Restoring a database overwrites all current data. This operation cannot be undone. Consider creating a manual backup before performing a restore.
Manual Backup
Trigger an on-demand full backup from the policy detail page or the database manage page by clicking Manual Backup. A manual backup is rejected if a backup is already pending or in progress.
Failure Handling
| Event | Action |
|---|---|
| Single backup failure | Backup marked as failed, failure counter incremented, email notification sent |
| 3 consecutive failures | Policy paused, new backups stop scheduling, email notification sent |
| Backup succeeds | Failure counter resets, policy restored to active if it was paused |
| PITR gap detected | PITR status set to error, email notification sent |
| Backup source becomes unavailable | Next backup auto-selects a different source, email notification sent |
The policy detail page displays a warning banner when failures have occurred, showing the failure count and the last error message. A Reset Failures button allows clearing the counter and restoring the policy to Active status.
Email Notifications
Four email notifications are sent for backup-related events:
| Notification | Trigger |
|---|---|
| Backup Failed | Each individual backup failure |
| Policy Paused | Policy reaches 3 consecutive failures and is paused |
| PITR Gap Detected | Transaction log continuity is broken |
| Backup Source Changed | Backup source switched between replica and primary |
Admin vs. User Capabilities
| Capability | Admin | User |
|---|---|---|
| Create backup policies | Yes (for any user) | Yes (own only) |
| Edit/delete policies | Yes (any user's) | Yes (own only) |
| Attach/detach databases | Yes (any database) | Yes (own databases only) |
| View all policies | Yes (across all users) | Own policies only |
| Delete individual backups | Yes | Yes (own only) |
| Reset failure counter | Yes | Yes (own only) |
| Trigger manual backup | Yes | Yes (own only) |
| Restore from backup | Yes | Yes (own only) |
| PITR restore | Yes | Yes (own only) |
Troubleshooting
Policy stuck in "Error" status
The policy auto-pauses after 3 consecutive backup failures.
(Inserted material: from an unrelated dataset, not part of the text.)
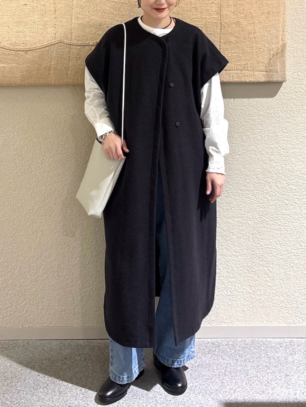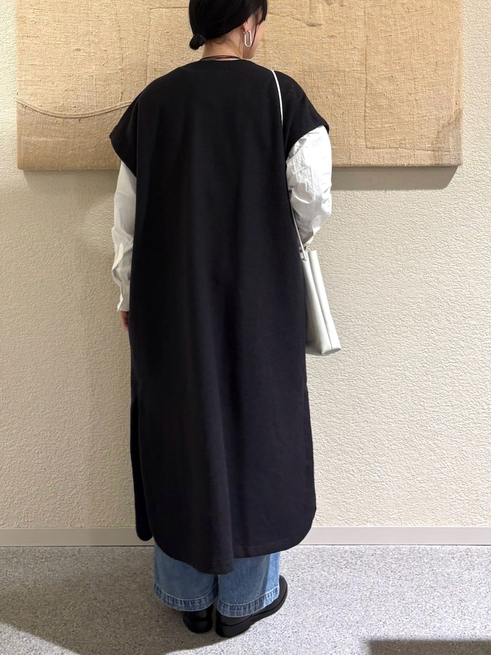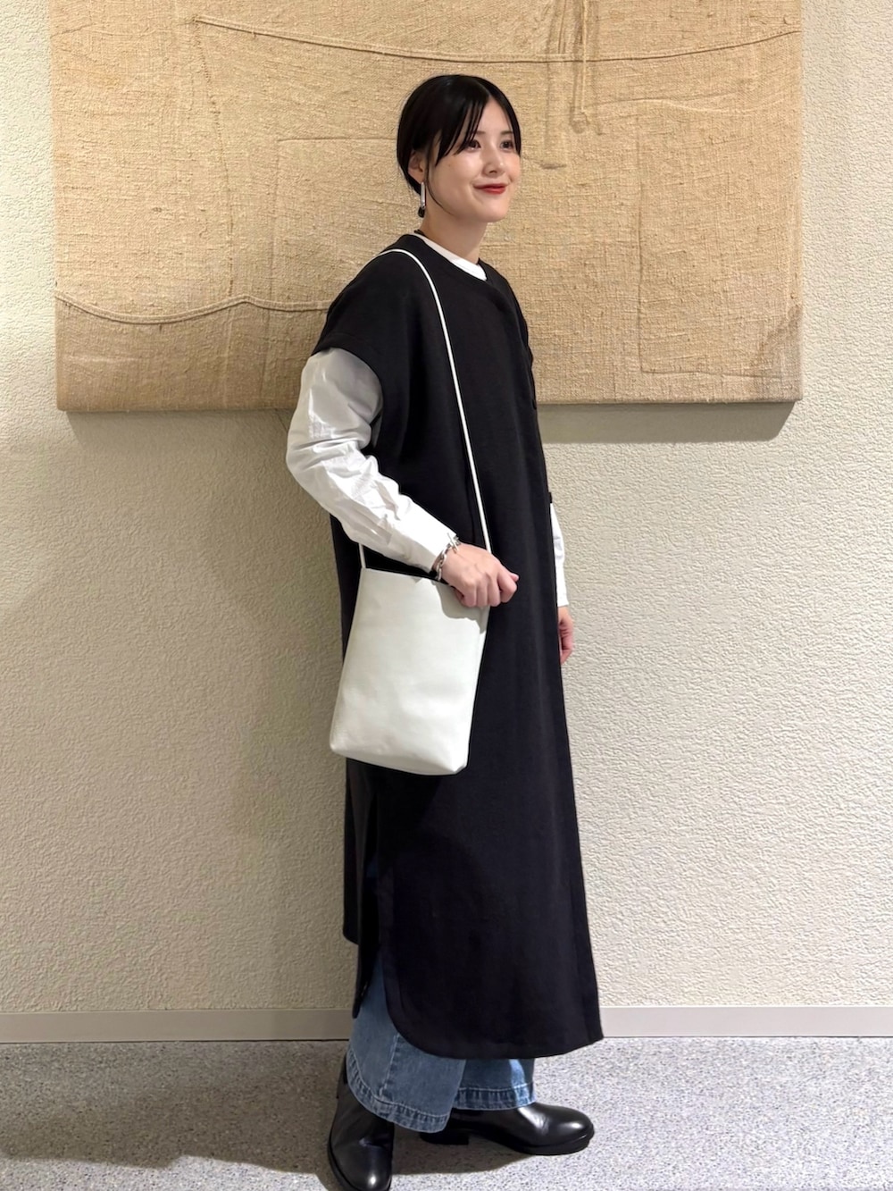 フロントの深いスリットラインが大人の抜け感を演出するロングジレワンピース。ウールの温かみと上品さを兼ね備え、レイヤードスタイルを洗練された雰囲気に仕上げます。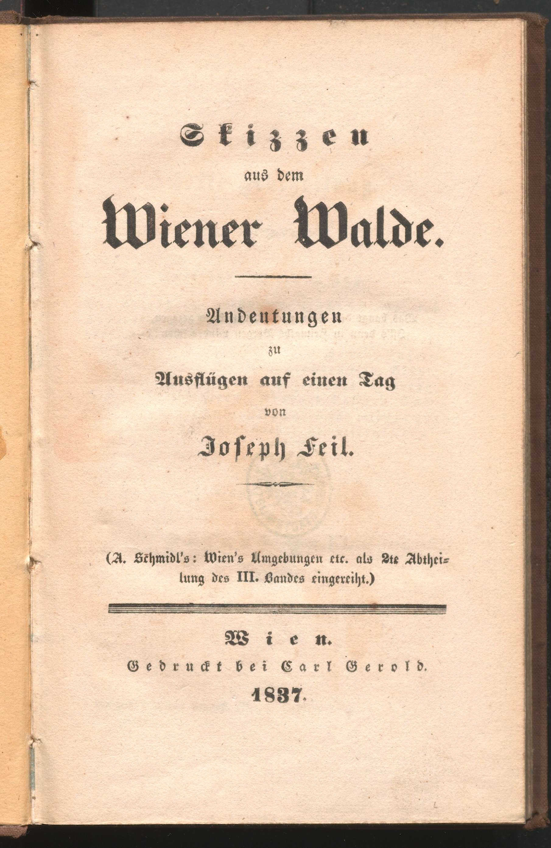 Skizzen aus dem Wiener Walde : Andeutungen zu Ausflügen auf einen Tag / von Joseph Feil

- Check the error message on the policy detail page
- Click Test Connection to verify S3 credentials are still valid
- Verify the database is running and reachable
- Click Reset Failures to resume the policy
Backup fails with "S3 upload failed"
- Verify S3 credentials are still valid (keys may have been rotated)
- Check that the S3 bucket exists and has the correct permissions
- For non-AWS endpoints (MinIO), verify the endpoint URL is correct and HTTPS is configured
PITR status shows "Error"
PITR errors indicate broken archive continuity. Use Retry PITR Configuration on the database detail page to re-deploy the PITR configuration.
Incremental backup falls back to full
This happens when the parent full backup was deleted by retention cleanup or had incomplete metadata. The system automatically runs a full backup instead to maintain backup chain integrity.
Restore fails
- Check the task status on the admin dashboard for error details
- Ensure sufficient disk space on the database for temporary restore files
- For PITR restores, recovery may take time if many transaction log segments need replaying
Cannot attach database: "Database is already attached to another backup policy"
A database can be attached to only one policy at a time. Detach the database from its current policy first, then attach it to the new one.